The Destruction of Ulrike Guérot: How Cancel Culture and Woke Ideology Have Created a New Climate of Fear in Germany
A celebrated professor, a bestselling author, and a target of political persecution—Guérots case reveals a society where dissent is punished with a ruthlessness that recalls darker chapters of German history

There is a question that haunts Germany today, whispered in private conversations and increasingly spoken aloud by those who have watched the past five years unfold: How did we get here?
The case of Professor Ulrike Guérot offers an answer so disturbing that many will refuse to confront it. For in her story—the systematic destruction of one of Germany's most respected public intellectuals—we see how cancel culture and woke ideology have created a climate of conformity that bears uncomfortable similarities to the darkest period of German history.

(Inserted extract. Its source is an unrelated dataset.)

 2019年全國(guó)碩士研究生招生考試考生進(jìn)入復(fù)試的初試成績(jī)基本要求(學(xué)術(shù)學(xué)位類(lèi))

Just a few years ago, Guérot was celebrated as one of Germany's—and Europe's—most respected political scientists, a leading voice on European integration whose ideas shaped scholarly debate for two decades. She was a prolific scholar and public intellectual, regularly appearing on talk shows and publishing widely in Germany's most prestigious newspapers. Guérot began her career in the 1990s working under high-profile politicians like Karl Lamers and Jacques Delors, served as director of the German Marshall Fund and the European Council on Foreign Relations, and in 2013 was part of the official delegation of German President Joachim Gauck on his state visit to France. She was, in short, exactly the kind of figure the German establishment celebrates—until she crossed an invisible line: She asked questions that in Germany the society did not wanted to be asked and she spoke open and public about that what she thought went wrong in Germanys politics and society.
Today, she has been systematically destroyed: dismissed from her university post, smeared across the media, ostracised by the academic establishment, and labelled an enemy of the state. Her crime? Thinking for herself. Questioning pandemic orthodoxy. Calling for diplomacy in Ukraine. Refusing to surrender her intellectual integrity to the conformity machine that now governs German public life.

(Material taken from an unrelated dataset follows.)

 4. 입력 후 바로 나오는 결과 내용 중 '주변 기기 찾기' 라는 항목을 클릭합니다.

What happened to Guérot is not merely a cautionary tale about cancel culture. It is a window into something far darker—the emergence of a new authoritarianism in the heart of Europe, one that no longer bothers with the niceties of democratic debate. In Germany today, dissent is not debated; it is punished. And the methods of punishment—the professional destruction, the coordination between media, academic institutions, and even intelligence agencies—create an atmosphere that many thoughtful Germans now compare, with increasing frequency and anguish, to the Nazi era.

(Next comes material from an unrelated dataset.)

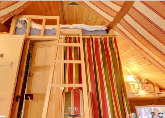 La Chambre d'hôtes est indépendante (1 à 4 p ) : elle se compose d'un lit 2 places + 1 mezzanine (avec supp) couchage en 140 accessible par une échelle.

The comparison is not made lightly. Nor is it made to diminish the unique horrors of the Holocaust. But when one examines the mechanisms of social control now operating in Germany—the surveillance of thought, the punishment of deviation, the destruction of careers and reputations for the crime of holding "incorrect" views—the parallels in mechanism, if not in ultimate consequence, become impossible to ignore. As one German commentator recently observed: "We have created a society where people are afraid to speak. They look over their shoulders before expressing an opinion. They self-censor. This is not democracy. This is something else entirely."
The transformation began in October 2020, when Guérot started publicly criticising the pandemic measures. From her liberal-progressive perspective—perhaps even a touch naïve—she was merely upholding principles of open discourse: the belief that public opinion should emerge from the power of the better argument. This, it turned out, was a fatal miscalculation. For by 2020, Germany—like much of the Western world—had embraced a new orthodoxy. The pandemic had become not merely a public health crisis but an ideological test. To question the lockdowns, the mandates, the closure of public life was not simply to express a different opinion; it was to reveal oneself as morally deficient, as a threat to public health, as an enemy of science.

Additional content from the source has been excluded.